摘要：在终身学习中，我们希望在存在顺序出现的新分类任务的情况下维护和更新模型（例如神经网络分类器）。在本文中，我们提出了一种学习修剪共享（LPS）算法，该算法同时解决了灾难性遗忘，简约和知识重用的挑战。 LPS通过基于ADMM的修剪策略将网络划分为特定于任务的分区。在保持简约的同时，这也不会忘记。此外，LPS将新颖的选择性知识共享方案集成到此ADMM优化框架中。这使得能够以端到端的方式共享自适应知识。提供了两个终身学习基准数据集和具有挑战性的现实世界射频指纹数据集的综合实验结果，以证明我们的方法的有效性。我们的实验表明，LPS始终优于多个最新竞争对手。

107. Attentional Biased Stochastic Gradient for Imbalanced Classification [PDF] 返回目录
Qi Qi, Yi Xu, Rong Jin, Wotao Yin, Tianbao Yang
Abstract: In this paper~\footnote{The original title is "Momentum SGD with Robust Weighting For Imbalanced Classification"}, we present a simple yet effective method (ABSGD) for addressing the data imbalance issue in deep learning. Our method is a simple modification to momentum SGD where we leverage an attentional mechanism to assign an individual importance weight to each gradient in the mini-batch. Unlike existing individual weighting methods that learn the individual weights by meta-learning on a separate balanced validation data, our weighting scheme is self-adaptive and is grounded in distributionally robust optimization. The weight of a sampled data is systematically proportional to exponential of a scaled loss value of the data, where the scaling factor is interpreted as the regularization parameter in the framework of information-regularized distributionally robust optimization. We employ a step damping strategy for the scaling factor to balance between the learning of feature extraction layers and the learning of the classifier layer. Compared with exiting meta-learning methods that require three backward propagations for computing mini-batch stochastic gradients at three different points at each iteration, our method is more efficient with only one backward propagation at each iteration as in standard deep learning methods. Compared with existing class-level weighting schemes, our method can be applied to online learning without any knowledge of class prior, while enjoying further performance boost in offline learning combined with existing class-level weighting schemes. Our empirical studies on several benchmark datasets also demonstrate the effectiveness of our proposed method
摘要：本文〜\脚注{原始标题为“具有针对不平衡分类的稳健加权的动量SGD”}，我们提出了一种解决深度学习中数据不平衡问题的简单有效的方法（ABSGD）。我们的方法是对动量SGD的简单修改，其中我们利用注意机制为微型批处理中的每个梯度分配了单独的重要性权重。与现有的个体加权方法不同，该方法通过在单独的平衡验证数据上进行元学习来学习个体权重，而我们的加权方案是自适应的，并基于分布稳健的优化。

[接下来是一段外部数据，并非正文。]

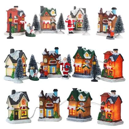 Conjunto De Enfeites De Natal Em Resina LED Com Vila, Papai Noel, Agulhas De Pinheiro, Paisagem - others

采样数据的权重与数据的比例损失值的指数成系统比例，其中比例因子在信息规则化分布鲁棒性优化框架中被解释为正则化参数。我们对比例因子采用了阶跃阻尼策略，以在特征提取层的学习与分类器层的学习之间取得平衡。与现有的元学习方法相比，该方法需要三个后向传播来计算每次迭代中三个不同点处的小批量随机梯度，与标准深度学习方法相比，我们的方法在每次迭代中仅一个后向传播的效率更高。与现有的班级加权方案相比，我们的方法可以在没有任何班级先验知识的情况下应用于在线学习，同时结合现有的班级加权方案可以进一步提高离线学习的性能。我们对几个基准数据集的实证研究也证明了我们提出的方法的有效性

108. The Lottery Tickets Hypothesis for Supervised and Self-supervised Pre-training in Computer Vision Models [PDF] 返回目录
Tianlong Chen, Jonathan Frankle, Shiyu Chang, Sijia Liu, Yang Zhang, Michael Carbin, Zhangyang Wang
Abstract: The computer vision world has been re-gaining enthusiasm in various pre-trained models, including both classical ImageNet supervised pre-training and recently emerged self-supervised pre-training such as simCLR and MoCo. Pre-trained weights often boost a wide range of downstream tasks including classification, detection, and segmentation. Latest studies suggest that the pre-training benefits from gigantic model capacity. We are hereby curious and ask: after pre-training, does a pre-trained model indeed have to stay large for its universal downstream transferability? In this paper, we examine the supervised and self-supervised pre-trained models through the lens of lottery ticket hypothesis (LTH). LTH identifies highly sparse matching subnetworks that can be trained in isolation from (nearly) scratch, to reach the full models' performance. We extend the scope of LTH to questioning whether matching subnetworks still exist in the pre-training models, that enjoy the same downstream transfer performance. Our extensive experiments convey an overall positive message: from all pre-trained weights obtained by ImageNet classification, simCLR and MoCo, we are consistently able to locate such matching subnetworks at 59.04% to 96.48% sparsity that transfer universally to multiple downstream tasks, whose performance see no degradation compared to using full pre-trained weights. Further analyses reveal that subnetworks found from different pre-training tend to yield diverse mask structures and perturbation sensitivities. We conclude that the core LTH observations remain generally relevant in the pre-training paradigm of computer vision, but more delicate discussions are needed in some cases. Codes and pre-trained models will be made available at: this https URL.
摘要：计算机视觉界已经在各种预训练模型中重新获得了热情，包括经典ImageNet监督的预训练和最近出现的自我监督的预训练，例如simCLR和MoCo。预先训练的权重通常会促进各种各样的下游任务，包括分类，检测和分段。最新研究表明，预训练受益于巨大的模型能力。我们特此感到好奇，并问：在进行预训练之后，预训练的模型是否确实必须保持其大型的通用下游可移植性？在本文中，我们通过彩票假说（LTH）的角度检查了监督和自我监督的预训练模型。 LTH可以识别高度稀疏的匹配子网，可以（几乎）从零开始对其进行培训，以达到完整模型的性能。我们将LTH的范围扩展到质疑在具有相同下游传输性能的预训练模型中是否仍然存在匹配的子网。我们广泛的实验传达了一个总体积极的信息：从ImageNet分类，simCLR和MoCo获得的所有预先训练的权重中，我们始终能够以59.04％到96.48％的稀疏度找到这些匹配的子网络，这些子网络普遍转移到多个下游任务，其性能与使用完整的预训练砝码相比，没有任何退化。进一步的分析表明，从不同的预训练中发现的子网往往会产生不同的蒙版结构和摄动灵敏度。我们得出结论，核心LTH观察在计算机视觉的预训练范式中仍然普遍相关，但是在某些情况下还需要进行更精细的讨论。代码和预先训练的模型将在以下网址提供：https https。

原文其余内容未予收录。